By Patience Chat Moses

The Executive Secretary of the African Refiners and Distributors Association (ARDA), Anibor Kragha, will speak at the African Energy Week (AEW): Invest in African Energy conference – taking place from November 4–8, 2024 in Cape Town. 

In a statement, the organizers of the event, African Energy Chambers (AEC) noted that Kragha’s return to the conference will not only improve the understanding of the state of play of Africa’s downstream industry but draw insight into strategies for addressing challenges to the sector’s development. 

  Kragha will engage in high-level panel discussions, spotlighting Africa’s downstream project pipeline and attractive investment opportunities.

AEW: Invest in African Energy will streamline investment towards Africa’s downstream industry as countries move to make energy poverty history by 2030.

According to the Executive Chairman of AEC, Engr. NJ Ayuk, Africa is advancing its downstream infrastructure under efforts to scale-up energy security continent-wide. 

As the sole pan-African organization representing the African downstream sector, ARDA is at the forefront of this expansion, advocating for increased investment in infrastructure development and modernization and promoting greater participation by local companies.

 With African petroleum demand set to increase from current estimates of 4.1 million barrels per day (bpd) to over 5.3 million bpd by 2040, strengthening refining capacity and distribution is critical.
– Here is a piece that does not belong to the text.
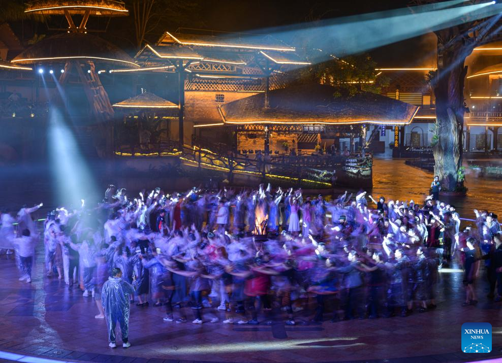 Tourists join in a group dance at Binglanggu tourism area in Baoting Li and Miao Autonomous County, south China's Hainan Province, Nov. 4, 2024. Binglanggu tourism area nestled in a tropical rainforest has being dedicated for years to promoting the culture of Li, an ethnic minority group native to this island province. (Xinhua/Pu Xiaoxu)

During AEW, Kragha will outline investment opportunities in this area.

AEW is the platform of choice for project operators, financiers, technology providers and government, and has emerged as the official place to sign deals in African energy.

At the 2024 edition of the AEW, ARDA will be spearheading both the rollout of new facilities as well as the modernization of existing downstream infrastructure to meet the continent’s needs.

Also, Ayuk noted that across the continent, efforts to bolster refining capacity to meet rising demand for petroleum are leading to new developments taking off across the downstream sector.

 In Nigeria,for instance , he said the Dangote Refinery , which happens to be Africa’s largest refining facility, started producing diesel and aviation fuel in January 2024.

 He added that the 650,000-bpd facility will cater to Nigeria’s domestic energy requirements while positioning the country as a key exporter upon full operational capacity – likely expected in mid-2025. 

The Nigerian National Petroleum Corporation (NNPC) limited, which is also an ARDA member, is also advancing the upgrading of the Port Harcourt refinery, with operations slated to commence in 2024 following the receipt of crude oil shipments from Shell in February.

Speaking in relation to Ghana, Ayuk said the first phase of Sentuo Oil Refinery Limited’s 120,000-bpd refinery in the country started operations in January 2024 with a facility that will process two million tons per annum of crude oil in the first phase and five million tons in the second phase, supporting the country’s industrialization efforts.

  In Gabon, he explained that plans are also underway to expand the processing capacity of the Port Gentil refinery to meet the rising demand for diesel and butane.